The season of urgent repairs has arrived. People come to town for the weekend. Something goes wrong with the bike. They plead for emergency care.
Last Thursday it was two guys carrying a Specialized Secteur. It was 4:30 p.m. The shop would close in one hour.
"The bike was hanging in storage all winter," said the owner. "When I brought it out, a bunch of spokes were broken in the rear wheel."
I asked about the usual things: could a car have hit it, could a heavy object have fallen against it, do any people have access to the storage area who might be pissed off at him? He dismissed each of those possibilities. That left us with four broken spokes on the drive side, cause unknown.
The owner said that the bike had been hanging by the front wheel from a storage hook, in an unheated space during last winter's phenomenal cold spell in Boston. I had never encountered spoke failure due to cold, but there's a lot I haven't encountered. Still, I would have expected the rim to fail before the spokes. Or, more likely, the rim would contract more than the spokes, relieving tension on them.
I said I could not adequately investigate this mystery in what remained of the day. I would need a few hours to see if this thing would be safe to fly, even with the broken spokes replaced.
The spokes were all in a row. The rim is DT. The spokes are DT. The hub is one of those Specialized-labeled ones that look like they say SIXE if you read them upside down. It's "Axis." They've fixed the font now, but I liked it the old way. I can't remember what I read about those hubs, whether they're DT or Formula or some other generic maker. No matter.
The spokes had not broken at the bend or the threads. They had snapped somewhere in the middle. The edges of the breaks showed no pinching, as they would if a cutter had been used.
A cruise through the Internet turned up some forum posts about bad OEM spokes of Asian origin a few years ago. I had seen failure of various OEM spokes myself, but never DTs. Another forum thread mentioned corrosive environments that weakened spokes. The spokes on this bike did show signs of that. They had a black finish. On close examination you could see cracks in that, and some crusty residue. I sanded away the black around one, carefully and gradually, to see if the crack extended into the metal beneath. In my test area it did not appear to.
I determined the proper length for replacement spokes and installed four. Put the wheel on the stand and tensioned the new spokes. Straight, smooth, round, the wheel looked good. I stepped away to work on something else before I put the bike back together.
BANG! A black spoke snapped, sending the nipple-end across the room.
That's annoying. Glad I didn't have my eyeball down there, sighting along the truing stand calipers.
To me, that was the end of any stop-gap repair. This wheel needs to be rebuilt. To complicate the problem further, the non-drive-side spoke holes in the rim all showed little stress bulges. Nothing had cracked yet, but it made the rim a questionable candidate for the investment of parts and labor to respoke it. I don't know why the non-drive side would show stress that the drive side did not, but this wheel was clearly weird.
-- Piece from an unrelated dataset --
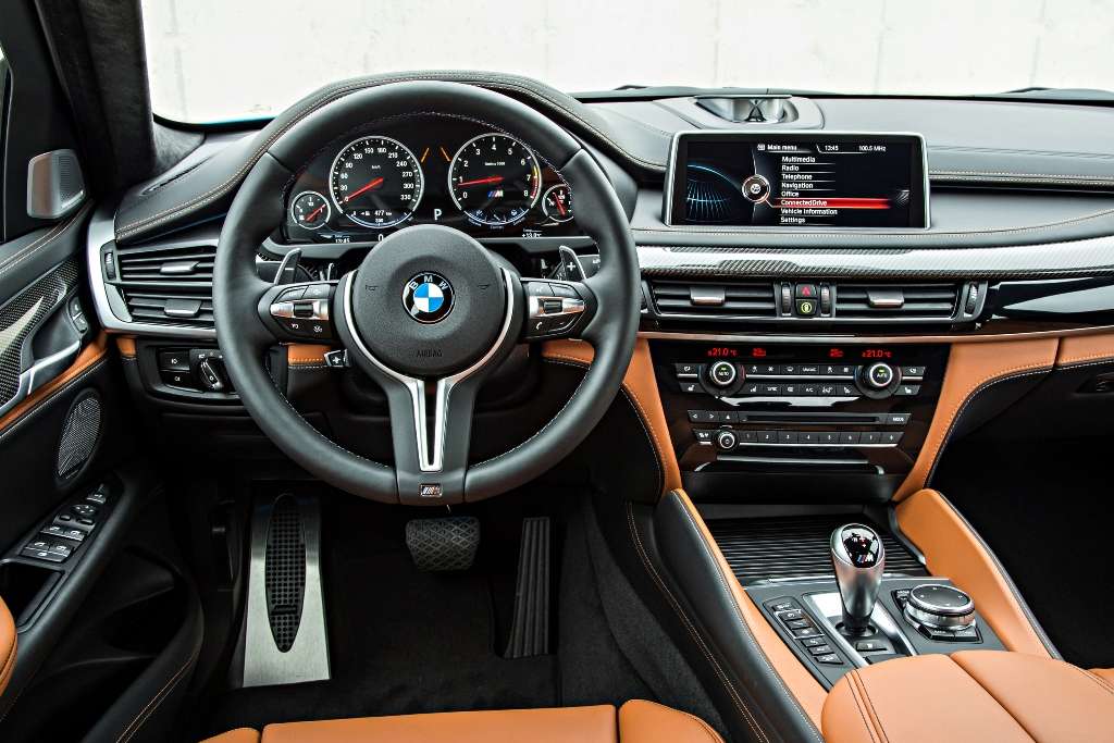 Das ist wenig überraschend, denn trotz des gegenüber dem Standardmodell abgesenkten Fahrwerks liegt der Fahrzeugschwerpunkt noch immer jenseits von 60 Zentimetern über Grund – das sind rund 20 Zentimeter mehr als beispielsweise bei einem BMW 2er Cabrio. Die mit dem letzten X6 M eingeführten Abstützpolster an der Mittelkonsole lernt man daher in Linkskurven wieder neu zu schätzen. Bei Rechtskehren muss das linke Knie des Fahrers die Fliehkräfte auffangen, weshalb man bei BMW ruhig über ein weiteres Polster an der Türverkleidung nachdenken könnte.

BANG! Another spoke fired off. That's it. This thing is dead. I took our spokes back out of it and set the remains by the rest of the bike, with some cloth draped over it as blast matting in case any other spokes decided to blow. It was less likely now that the tension had been reduced. Still, I didn't want any of us to have to dig a spoke fragment out of our leg.
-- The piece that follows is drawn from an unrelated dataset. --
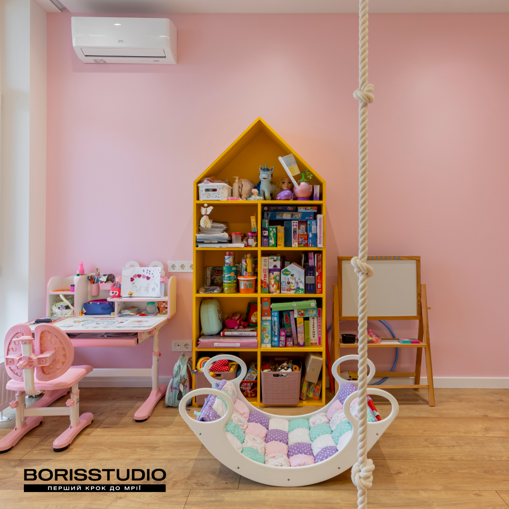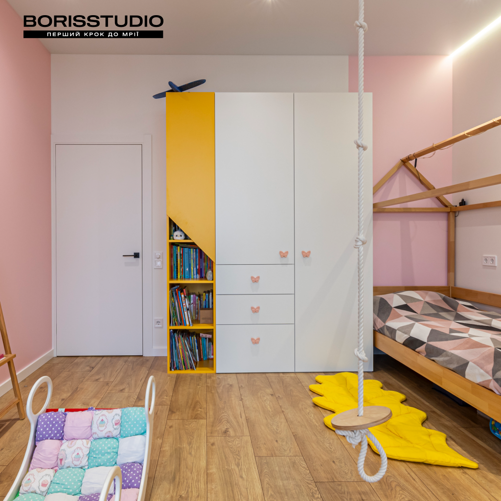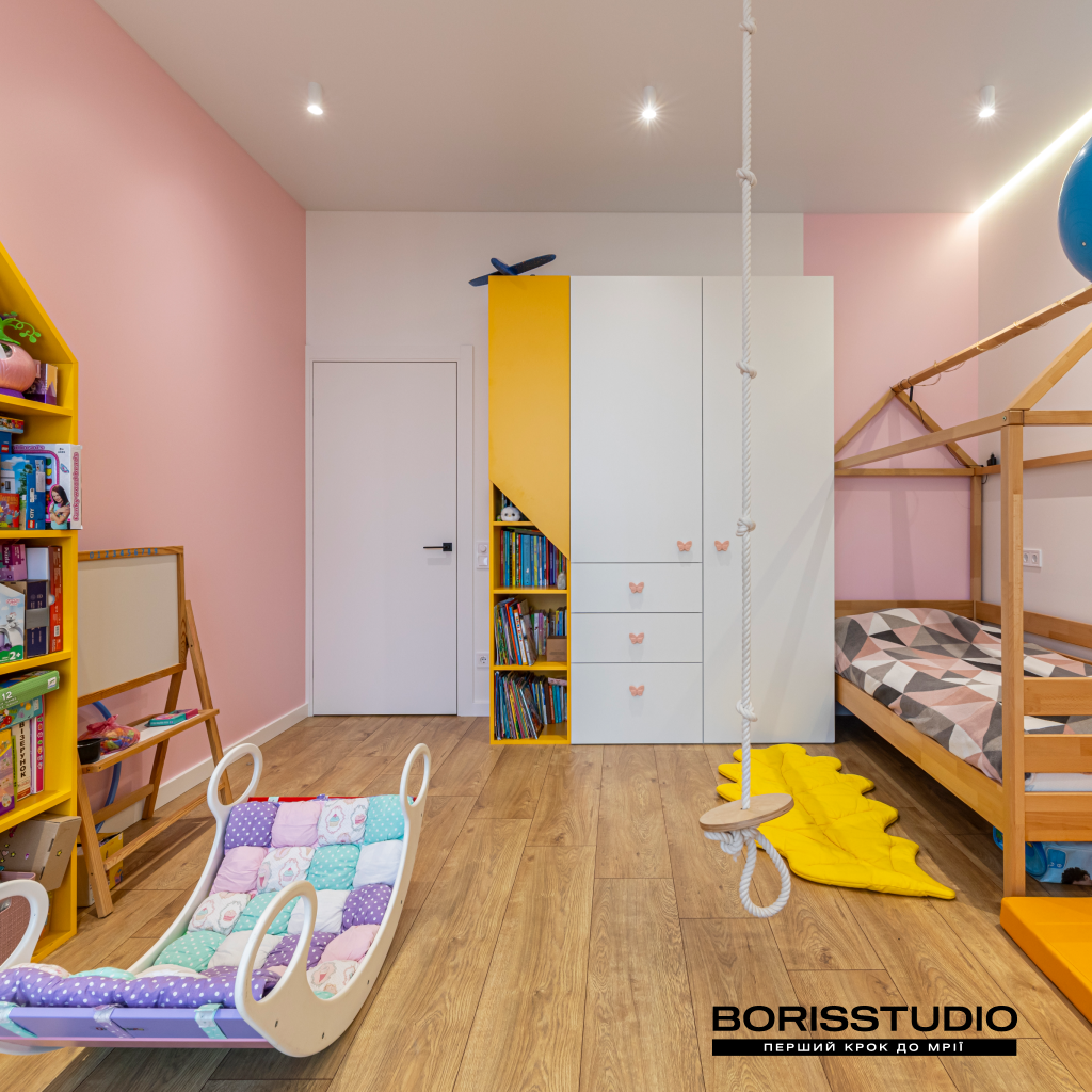 Інтер'єр дитячої кімнати площею 16,42 м2 вийшов дуже затишним. Для її оформлення ми вибрали життєрадісне поєднання рожевого та жовтого кольорів, яке заряджає позитивними емоціями. При цьому дитяча вийшла не лише естетичною, а й функціональною, в ній ми організували:

While the front wheel had not misbehaved at all, its spokes had been in the same environment as the rear ones, and there are only 24 of them between the rider and a screaming face plant. Low spoke count wheels are technically strong enough for the stresses of performance riding, but they sacrifice most of their margin of safety by putting more and more load on fewer and fewer parts. When one part fails, the structure deviates much more than it would if more parts were carrying the load to begin with. Are you really going to rip down some exhilarating descent, congratulating yourself on the money you saved by not rebuilding or replacing that front wheel?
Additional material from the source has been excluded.